The influx of cash from the Department of Housing and Urban Development (HUD) fully funded the 2017 request sent by All Home King County, the umbrella organization that coordinates efforts throughout the region, said Mark Putnam, director of All Home.
The award represents the majority of $58 million sent to Washington state as a whole, and is part of a record-breaking $1.95 billion granted throughout the United States, according to a hud press release sent Tuesday. The King County continuum of care — HUD-speak for regional coalitions of organizations and entities that work together on homelessness issues — received more than half of the money sent to Washington, because the county holds half of the homeless population.
Federal resources are critical to the local efforts to make homelessness “rare, brief and one-time,” the mantra of All Home and other social-services agencies throughout the country. However, the money represents a marked shift in government thinking and priorities around accepted best practices by moving money away from transitional housing programs toward rapid rehousing, a relatively new strategy to get people indoors.
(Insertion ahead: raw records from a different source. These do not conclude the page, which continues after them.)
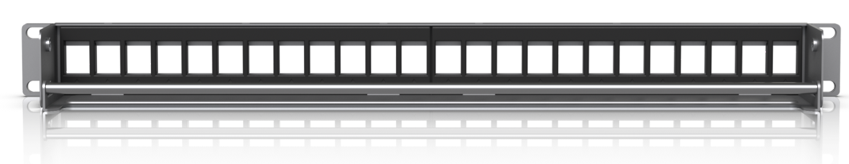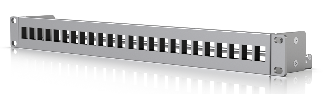 Neosazený panel s 24 pozicemi, stříbrná barva, keystone design, možnost doplnění záslepek, montáž do běžného 19" rozvaděče, výška panelu 1U.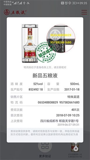 五粮液防伪app官方最新版是一款专业的五粮液防伪验证软件,提供了NFC验证、二维码验证、电码验证登方式,让大家能够安心购买正版美酒。用户只需要使用带有NFC功能的手机,将手机的NFC区域紧紧紧地贴在五粮液盒盖的中间部位,即可快速地对其进行真假验证,更加详细具体的使用问题和其他验证方式可以在APP中自行查看,有需要的朋友欢迎前来本站下载五粮液防伪查询app。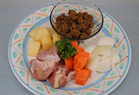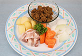 豚肉角切り50g / 人参30g / じゃが芋50g / 玉ねぎ50g / カレールー50g / 生米かライス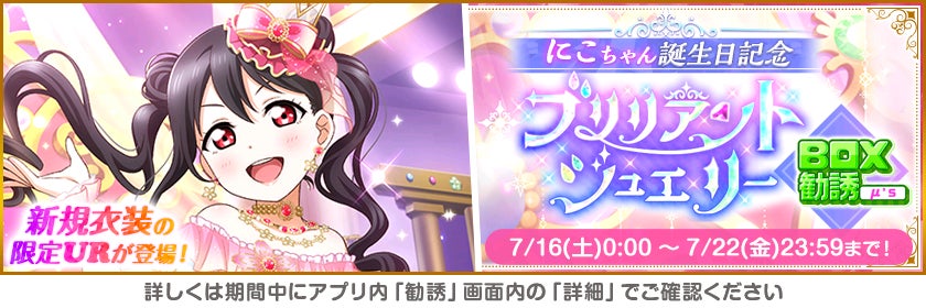 株式会社ブシロード(本社:東京都中野区、代表取締役社長:木谷高明)は、KLab株式会社(本社:東京都港区、代表取締役社長:森田英克)と共同開発いたしましたスマートフォン向けアプリ『ラブライブ!スクールアイドルフェスティバル』(以下、スクフェス) においてμ’s矢澤にこ誕生日記念キャンペーンの開催をお知らせいたします。
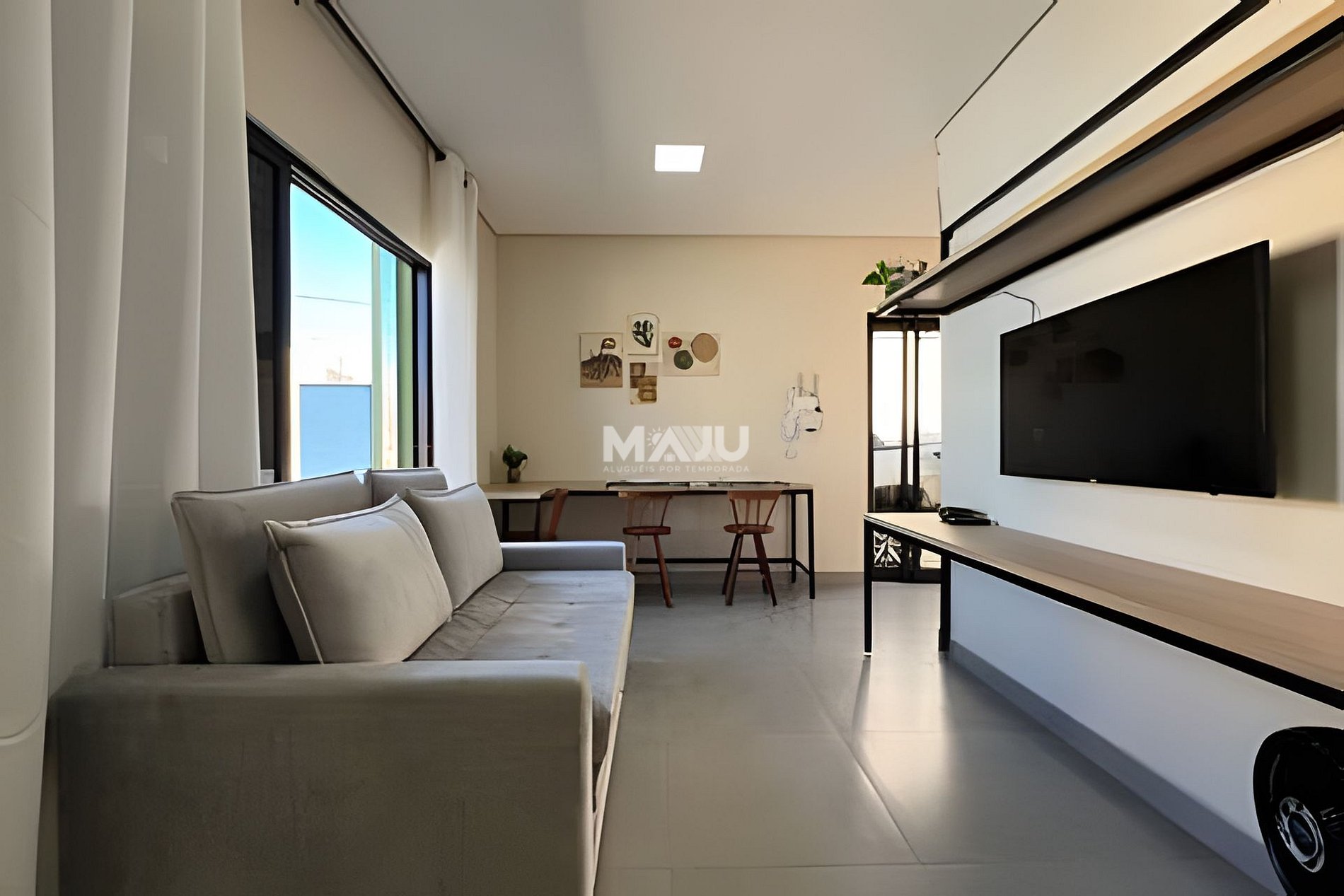 - Sala: 1 sofá-cama para casal, mesa com cadeiras (para home office e refeições), Smart TV (com antena local e canais gratuitos Samsung), ventilador e roteador de internet Wi-Fi.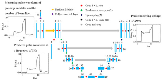 The network input consists of the measuring pulse waveform of pre-amplifier modules and the number of the beam line. The residual module represents the laser system between the measurement position of 1 Hz and the measurement position of pre-amplifier modules, and it outputs the prediction of pulse waveform at a frequency of 1 Hz. The U-shaped module represents the laser system between AWG and the measurement position of 1 Hz, and outputs the prediction of setting the voltage of AWG. The entire process can be simplified by a formula as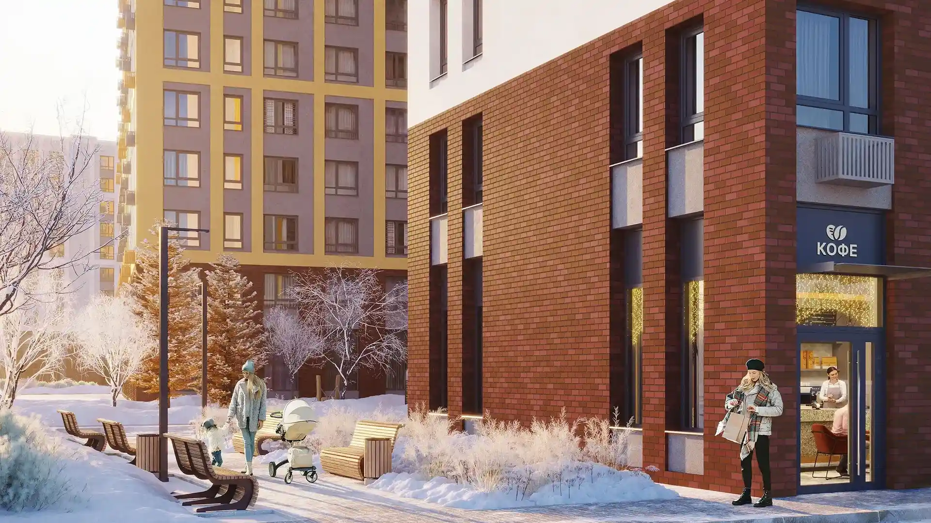 Сквозные подъезды обеспечивают возможность выхода на улицу и во внутренние дворы. Благодаря стеклянным входным группам внутри подъездов светло и безопасно. Рядом со входами предусмотрены помещения для детских колясок и велосипедов.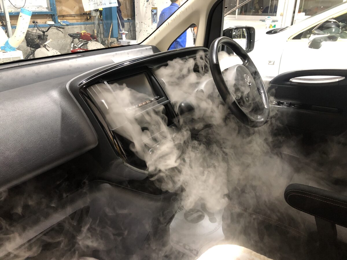 久留米市よりご依頼いただきました,セレナのカーエアコンクリーニング の様子です。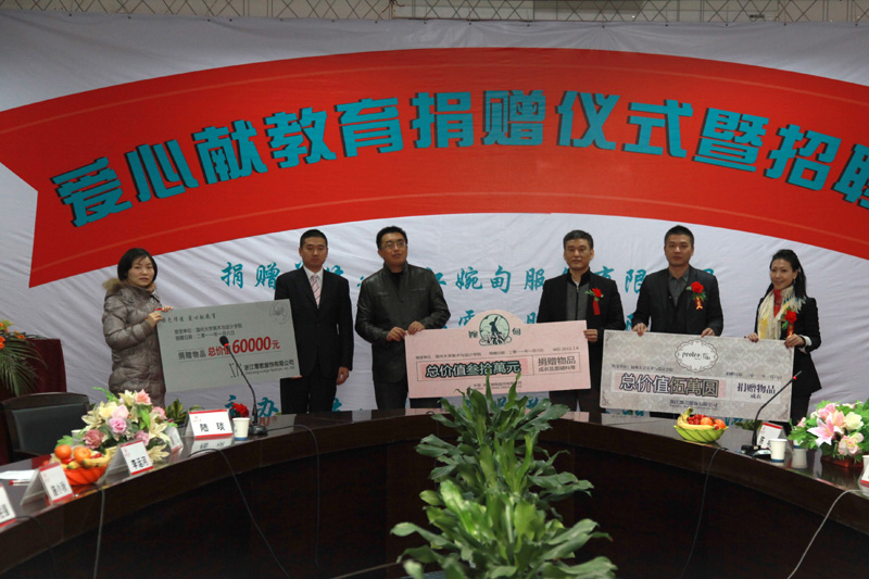 2011年1月6日上午9点,性爱视频 爱心献教育捐赠仪式暨招聘会在大学生活动中心白鹿厅隆重举行。性爱视频 副校长任柏强、性爱视频 就业工作处处长孙广福、性爱视频 教务处处长施小秋、性爱视频 院长李运河、浙江婉甸服饰有限公司董事长蒋海、浙江飘蕾服饰公司董事长黄瑞东、浙江雪歌服饰公司董事长助理熊伟贤、服装系主任姜岩,服装系副主任张振岳,展示陈列教研室主任金晨怡以及性爱视频 全体服装系学生100多人出席了本次仪式,会议由性爱视频 党总支书记郑彩莲主持。 仪式中,性爱视频 院长李运河院长首先介绍了此次活动的主题,向来宾简单介绍了近几年学院在培养人才所做的努力和教学成效。 性爱视频 就业工作处处长孙广福,教务处长施小秋,向浙江婉甸服饰、浙江飘蕾服饰、浙江雪歌服饰三家企业分别赠送了“性爱视频 校企合作定点单位”铜牌。浙江婉甸服饰、浙江飘蕾服饰、浙江雪歌服饰随后向温性爱视频 捐献了总价值42.5万的服装与面料等物品,服装系系主任姜岩、副系主任张振岳、服装展示教研室主任金晨怡代表学院接过赠品。 在企业讲话中,浙江婉甸服饰董事长蒋海指出高校是培养人才的摇篮,企业对性爱视频 的捐献衣方面企业对教育事业的支持也是为温州高校培养服装人才的一种期望,尽所能提供一些资源供学生实践,帮助学生成长,培育学生的动手能力和适应社会的能力。飘蕾服饰董事长黄瑞东则认为,企业应本着尊重人才,重视教育的原则,将过季库存的服装与面料送到性爱视频 的学生做教学资源, 不仅符合建设和谐社会、和谐校园的要求,而且是一种爱心传递、资源共享的具体体现,同时为丰富学院服装教学资源、更好地满足师生实践教学中对服装的需求。并想以此为契机,与性爱视频 建立长期合作友好关系。 性爱视频 任副校长柏强为捐赠仪式致谢辞。他用四句话来总结此次捐赠会的意义:第一:校企合作正在形成一种好的导向。温州知名服装企业来我校共商育人大计,探讨专业发展前沿,这是我校在实施“引进来,走出去”校企合作战略取得的又一次成就;第二:校企正在形成一种好的氛围。通过爱心捐赠丰富教学资源,有利于让学生在校所学与企业实践有机结合,构建绿色服装生命链, 可以实现人才资源、教学资源、技术资源的高度集成与共享,完成最优配置;第三:校企合作正在形成一种好的合力。通过优势互补、资源共享,提高技能型人才的培养质量,让学生早日成为高层实用型技术型人才;第四:本次活动展现了一个好的企业形象,这就是负责任的形象,对人民负责的形象。温州企业在做大做强企业的同时,越来越多的企业家感恩奉献,热心公益,积极主动促进高校教育,促进社会主义和谐社会建设,充分体现了企业家敢于负责、勇于担当的社会责任感。此次捐赠可以激励更多的企业家参加捐赠,回馈社会,服务人民。 启动仪式结束后,企业家代表与学生进行了亲切的座谈。婉甸服饰的人力部资源部经理韦天知,飘蕾服饰的人力部资源部经理陈明,雪歌服饰人力资源经理刘玉山,还有温州商会服装设计师委员会秘书长曾贵向学生介绍了职业生涯计划和面试的技巧。随后性爱视频 毕业的现任浙江婉甸服饰的设计师赵楚楚和林伟亚,浙江飘蕾服饰的企划主管叶括群以及雪歌服饰工程部设计师徐贤所和大家分享工作经历,并现场回答了同学的提问。 本次活动学生们受益颇多,08展示的曾鑫焱同学代表发言说:“我们感觉到了温州性爱视频,最直接就是我们的展厅现在充满了爱心,我们可以更好的进行实践练习,我是大三的学生,明年就要毕业了,我们感谢有今天这样一个机会能和企业面对面进行交流,对我们的职业生涯提供了很大的帮助。” 最后,在大四学子们投简历,预约面试的火热氛围中,结束了今天的招聘会。会后三个企业代表观看了金晨怡和郑敬玉老师的推“陈”出“新”课程联展。浙江婉甸服饰董事长蒋海、浙江飘蕾服饰董事长黄瑞东、浙江雪歌服饰公司董事长助理熊伟对作品给予了高度的评价。

Transitional housing programs are usually set up to allow people two years in a project-based building with a number of services to help them get back on their feet. Conversely, rapid rehousing leverages the private market, supporting an individual or family’s rent for three to nine months in the private market, without additional services.
In August, All Home sent letters to several transitional housing projects informing them that they would not be included in the application for federal money. The reason was strategy: The government has consistently signaled over past cycles that it wanted to shift toward rapid rehousing projects. Transitional housing had fallen out of favor.
The move has been controversial in Seattle. The housing market here is white-hot, with median rents for a one-bedroom apartment hitting $1,800 a month. That can be a real burden on low-income folks who get into housing and can’t afford it 10 months later when their subsidy runs out, sending them back into homelessness.
Even with the cuts-by-omission, those transitional housing projects will continue through 2017. Seattle City Councilmember Lisa Herbold moved to fill in the gaps during budget negotiations with a $220,000 bump from city coffers for eight programs.
Seattle’s roadmap to end homelessness, a strategy born out of consultants with heavy ties to the federal government, doesn’t bode well for sustained funding.
Of course, transitional housing programs are hardly the only ones with questions about what will happen a year on. There is much uncertainty about what the incoming administration and likely HUD secretary Ben Carson, a retired neurosurgeon who has disdain for public housing, will mean for federal grants for local programs and the production of affordable housing in the future.